Daniel Thym, Winfried Kluth
Welche Organisationen oder Institutionen werden genannt?
Die genannten Organisationen, Parteien oder Institutionen sind:
- Handelsblatt,
- Sachverständigenrat für Integration und Migration,
- Bundesregierung,
- EU.
Wann ist das Ereignis passiert?
Nicht erwähnt
Wo spielt die Handlung des Artikels?
Die Orte, an denen das beschriebene Ereignis stattfindet oder stattfand, sind:
Konstanz, Türkei, Iran, Deutschland.
Worum geht es in einem Satz?
Migrationsexperten warnen vor möglichen Fluchtbewegungen aus dem Iran nach Europa, betonen jedoch, dass die Hürden für Migranten gestiegen sind und die Türkei als Puffer agiert, während die tatsächliche Zahl der Flüchtenden stark von der internen Stabilität im Iran abhängt.

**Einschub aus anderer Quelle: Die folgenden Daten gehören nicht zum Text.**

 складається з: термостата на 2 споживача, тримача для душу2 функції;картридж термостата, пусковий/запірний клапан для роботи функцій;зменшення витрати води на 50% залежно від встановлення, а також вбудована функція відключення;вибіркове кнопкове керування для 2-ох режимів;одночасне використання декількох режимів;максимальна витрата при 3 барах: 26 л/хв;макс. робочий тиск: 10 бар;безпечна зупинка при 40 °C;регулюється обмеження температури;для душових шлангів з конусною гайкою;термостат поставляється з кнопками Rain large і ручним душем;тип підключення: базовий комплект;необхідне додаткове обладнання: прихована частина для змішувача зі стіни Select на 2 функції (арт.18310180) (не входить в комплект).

Was war der Auslöser für den Vorfall?
- Militärische Eskalation im Iran
- Grenzbefestigungen der Türkei zum Iran und zu Syrien
- Konsequente Maßnahmen der Türkei gegen irreguläre Migration
- Interne Stabilität des Irans
- Potenzielle Aufstände von Oppositionsbewegungen oder ethnischen Gruppen
- Traditionell starke Verbindungen zwischen Deutschland und dem Iran
Wie hat die Öffentlichkeit oder Politik reagiert?

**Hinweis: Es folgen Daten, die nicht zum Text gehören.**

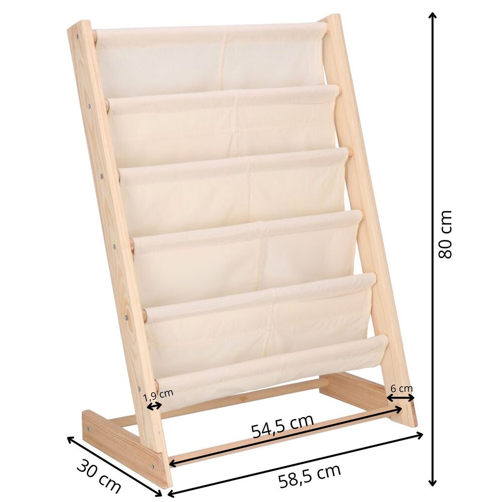 Díky 5 prostorným přihrádkám si dítě snadno najde svou oblíbenou pohádku nebo kreativní zápisky. Přírodní design dokonale ladí s moderním i klasickým interiérem.

- Migrationsexperten warnen vor neuen Fluchtbewegungen Richtung Europa
- Hürden für Migranten sind höher als in vergangenen Jahren
- Türkei hat Grenzbefestigungen ausgebaut und geht gegen irreguläre Migration vor
- Türkei fungiert als Puffer gegen Migrationsbewegungen nach Europa
- Zukünftige Fluchtbewegungen hängen von der internen Stabilität des Iran ab
- Winfried Kluth rät Bundesregierung zur Vorsorge
- Deutschland und EU besser gerüstet durch neue Asylreform und Bestandsaufnahme der Flüchtlingsunterkünfte
Welche Konsequenzen werden genannt?
- Warnung vor neuen Fluchtbewegungen Richtung Europa
- Höhere Hürden für Migranten als in vergangenen Jahren
- Türkei als zentrale Rolle und Puffer gegen irreguläre Migration
- Abhängigkeit der Fluchtbewegungen von der internen Stabilität im Iran
- Möglichkeit von begrenzten Fluchtbewegungen ohne Massenflucht
- Deutschland als Hauptzielland innerhalb Europas bei Fluchtbewegungen
- Empfehlung zur Vorsorge seitens der Bundesregierung
- Notwendigkeit von Vorbereitungen aufgrund starker Verbindungen zwischen Deutschland und Iran
- Bessere Vorbereitung Deutschlands und der EU im Vergleich zur Vergangenheit
- Geordnete Reaktionen auf mögliche steigende Flüchtlingszahlen durch neue EU-Asylreform
Gibt es bereits eine Stellungnahme?
Ja, im Artikel wird eine Stellungnahme zitiert. Der Konstanzer Migrationsforscher Daniel Thym äußert sich zur Rolle der Türkei bei der Migrationssituation und hebt hervor, dass sie als Puffer gegen irreguläre Migration fungiert.